To do this, at the expense of what they have bled from us over the centuries and will continue to do for any possible foreseeable future we may have, over the past couple of decades they have had us dig a twenty-mile-long circular tunnel deep underground between France and Switzerland of their ‘You’re-a-peon’ construct, and install therein a twenty-mile tube and an Aladdin’s cave of technical wizardry to accelerate particles to the speed of light and fire them head-on into each other to see what happens and see what may be produced.
To enable that the satisfaction of their crazed presumption be carried through to the ultimate letter of their whim, they have even suppressed the well-assumed and -documented risk that every last morsel of the entire magical planet and all its abundant possibilities of life will be progressively snatched into a little ball of compressed matter screwed too tiny and solid to sustain anything other than a slight and fading glow as it cools from the results of such lunacy. They have hidden the documentation showing that ‘strangelets’ are 70% sure to be produced, and have had calming assurances issued that the chance of such a reality is mathematically trillions of times less possible – Yes, possible, but as vanishingly slight as we and our world will become should such a thing occur that is in fact 70% predicted.
So here is a question for you fools who promoted it and are in charge: How do you propose to disassemble a ‘strangelet’ or black hole once your stupid interference has conjoured it into existence? You should know that you cannot contain it. It will sink through any material or obstruction you can devise, sink to the centre of the earth and there grow exponentially. It will then feed on the planet, and – in case you think you are somehow apart – on you, until our planet and we are a solid ball just a few miles in diameter, incapable any longer of anything other than spinning in space.

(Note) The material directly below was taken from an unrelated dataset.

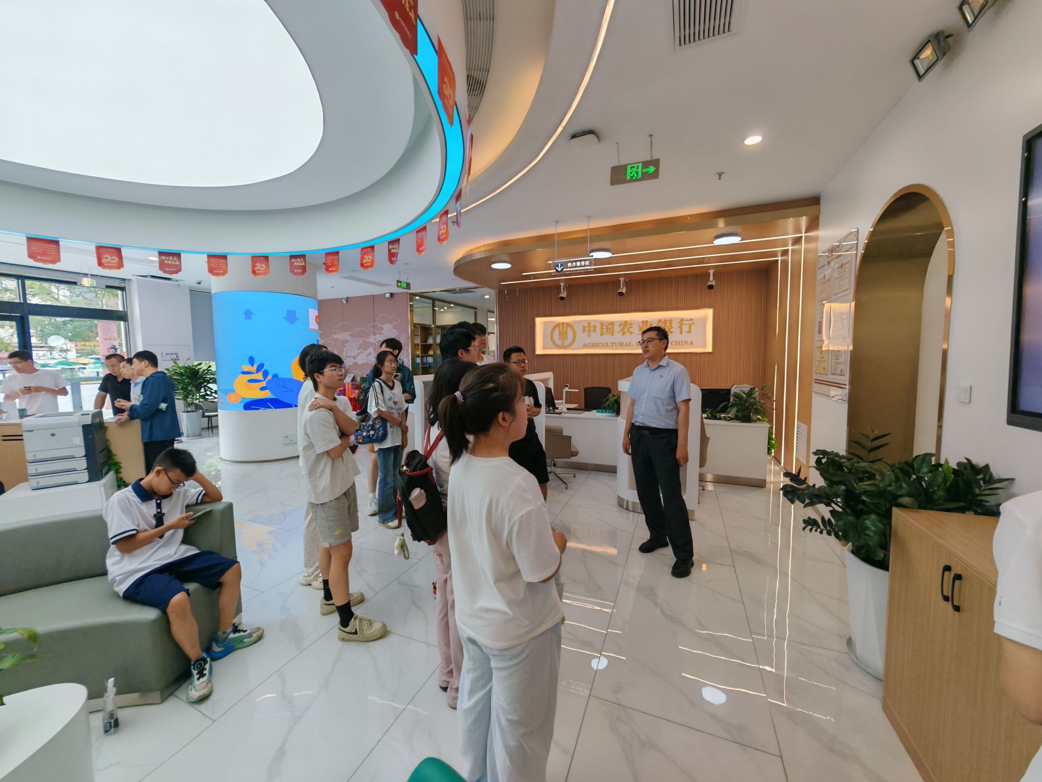 综改分行位于太原市综改区,是为更好地服务山西经济转型发展新设的机构,无论是网点布局还是设施设备都更加“高大上”,宽敞的大厅里各种自助设备整齐排列,每一个功能区都有一个独立的小空间,便于客户坐下来慢慢办理业务,体验感更好。工作人员均为清一色的年轻人,热情而富有活力,讲解清晰、重点突出,尤其是对反洗钱和防电信诈骗的政策和形势解读,增强了同学们的防范意识,提高了对金融安全重要性的认识。
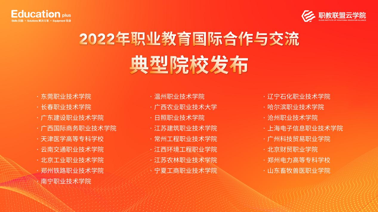 2022Education Plus国际职业教育大会公布了2022年职业教育国际合作与交流典型院校,我校凭借在国际交流与合作方面取得的工作成效成功入选。

But then, we can take comfort in the fact that the world does not obey mathematicians or even such presumptuous lunatics that order them for cash? And even correct maths can only describe what the real world prescribes? – True, but then again, to look at their tiddly little hydrogen bombs, you wouldn’t think they would be up to much either, would you?
So can they indeed do this? I’m very very sorry to tell you, but I rather think they can. And, unless anyone retains any gumption and sense of urgency, whether they will only remains to be seen.
Hmmmmm.
Surely now it will be more productive, indeed is imperative that, with the same scrupulous attention to detail, those present at the scene with any remaining vestige of sanity take those responsible for this perversion of sense and sanity – and those they have put in charge of it – and feed them into the collider tubes and fire them at the speed of light head first into each other. True, it is unlikely to drive any sense into them, but at least it will allow the rest of us a little breathing-space in which to restore once more the orderly natural process of our evolution and worthiness to survive on this superb planet to which in better times we were born.
So when is this essay in purblind arrogance intended to take place, and how long have they in which to rescue us all from this perilous madness? – But I told you! Weren’t you listening? – 11.11.11.11.11.10 – Yes, I expect they would have liked to have waited until next year, too, but time is money! Then again, should there be any hitch in their present endeavours to bring misery and disaster to the rest, just imagine the comforting assurance and guarantee of success they will have of 11.11.11.11.11.11 – GMT
No no no no no. Let’s not wait. To the tubes or block with them all! Now!